* TASK INSTRUCTIONS *
Produce an exact copy of all the data below, dropping every image.

* INPUT DATA *
*** Block opens ***
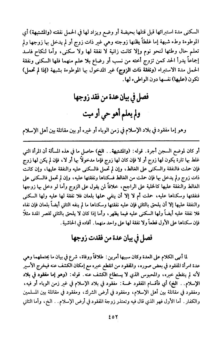 فصل لما أنهى الكلام على العدة وكان سببها أمرين : طلاقا ووفاة شرع في بيان ما يحتملهما وهي عدة امرأة المفقود في بعض صوره .
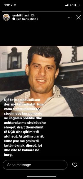 “Një foto e papublikuar deri më tani e babit. Nga koha e përfundimit të studimeve kur punonte në ilegalen politike dhe ushtarake me shokët dhe shoqet, drejt themelimit të UÇK dhe çlirimit të atdheut. Ai qëllim u arrit, edhe pse me çmim të lartë në gjak, djersë, lot dhe vite të kaluara në burg”, ka shkruar ai.
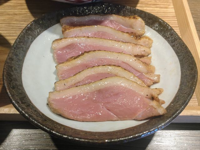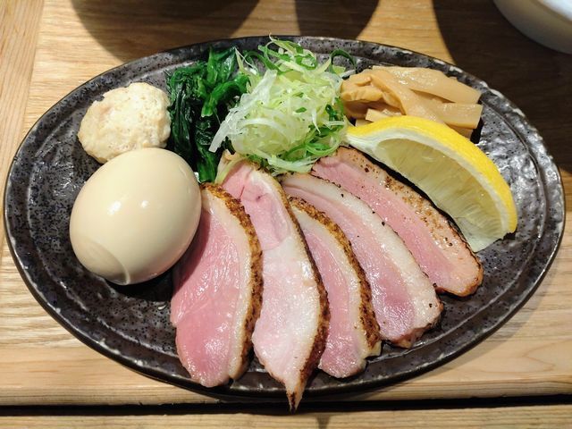 淡いピンク色した鴨もものレアチャーシューも、火入れはバツグンで
*** Block closes ***
* WORKED SOLUTION *
 فصل لما أنهى الكلام على العدة وكان سببها أمرين : طلاقا ووفاة شرع في بيان ما يحتملهما وهي عدة امرأة المفقود في بعض صوره .
 “Një foto e papublikuar deri më tani e babit. Nga koha e përfundimit të studimeve kur punonte në ilegalen politike dhe ushtarake me shokët dhe shoqet, drejt themelimit të UÇK dhe çlirimit të atdheut. Ai qëllim u arrit, edhe pse me çmim të lartë në gjak, djersë, lot dhe vite të kaluara në burg”, ka shkruar ai.
 淡いピンク色した鴨もものレアチャーシューも、火入れはバツグンで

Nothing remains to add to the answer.